Thinking about the concerns of high school students introduced additional new stakeholders and concerns, but also led to a fundamental re-thinking of the design of the study: what kinds of claims could they make based on a longitudinal study? Despite not getting the funding they’d hoped for, they decided to pilot for another year: essentially, the study was ready to go, but with less momentum and less resources than they’d hoped for. As Mike described it, they were in “survival mode,” and decided to use the results they’d gathered thus far as a selling point for asking the University to support further implementation.
Following Mike, Jim described the evolving high school aspect of the study, foregrounding the IRB concerns associated with under-18 writers and querying them about their early literacy experiences. In their written work, Jim found, high school students were often flexible in their approaches to the early stages of writing assignments, and seldom afraid of failure. Jim offered an account of one student’s description of his writing process, wherein the student read the assignment, did the readings, did a single draft, and had his parents look over his paper for organization and grammar concerns, but didn’t revise in any significant way, and in fact displayed a fundamental resistance to what our discipline understands as revision. This single representative report, Jim implied, offered a useful sense of the writing expertise students come to our courses with, and a sense of the expertise they’ll need to develop in UNH first-year writing courses.

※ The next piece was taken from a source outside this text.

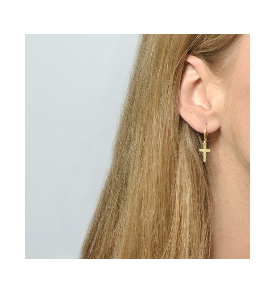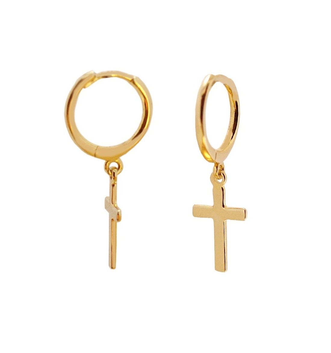 Pendiente aro con cruz de plata 925 bañada en oro.

Finally, Kate discussed the alumni portion of the longitudinal study, following students’ experiences with writing after graduation. This portion involved two components: a written survey, and an in-depth interview. Both components sought to discover what kinds of writing alumni did in their jobs and lives, how and what they were able to apply from their UNH writing experiences, and how well the UNH writing program prepared them for their post-graduation lives. The responses Kate received were from graduates in a diverse range of jobs, and were remarkably positive: 87% felt either prepared or very prepared by their writing courses, and 77% felt excellent or very good about their writing experiences at UNH. Graduates, Kate noted, say they do a lot of writing, and do a lot of public writing. Many suggested that they would have liked more training in technical writing and writing for the internet. Ultimately, Kate concluded, the alumni aspect of the longitudinal study showed a lot about how students employ the skills they learn in college writing programs in their transition from school to the workplace.
The account that Mike, Jim, and Kate offered struck me — and others in the audience who I talked with afterwards — as nothing short of remarkable in its scope. The malleable and protean nature of their study was I think a function of its initial ambition, but it’s breathtaking to see such a huge project, even in the obstacles and frustrations that they acknowledged. The sense I got out of their presentation was that they wanted to do something on a Sternglass scale — but that the data and initial conclusions they developed were more along the lines of Curtis & Herrington. And the final insights Curtis & Herrington arrived at, I’d suggest, were no small conclusions.
There’s a lot to be said for the narrow scope and modest claim. One might propose, in fact, that the appeal of a longitudinal study lies not in its generalizability but in its specificity. I’ll watch with interest to see where Garcia, Webber, and Gillen go with what they’ve done: their work so far is impressive, and I’m sure it’ll spark further productive conversations about how we assess what we do.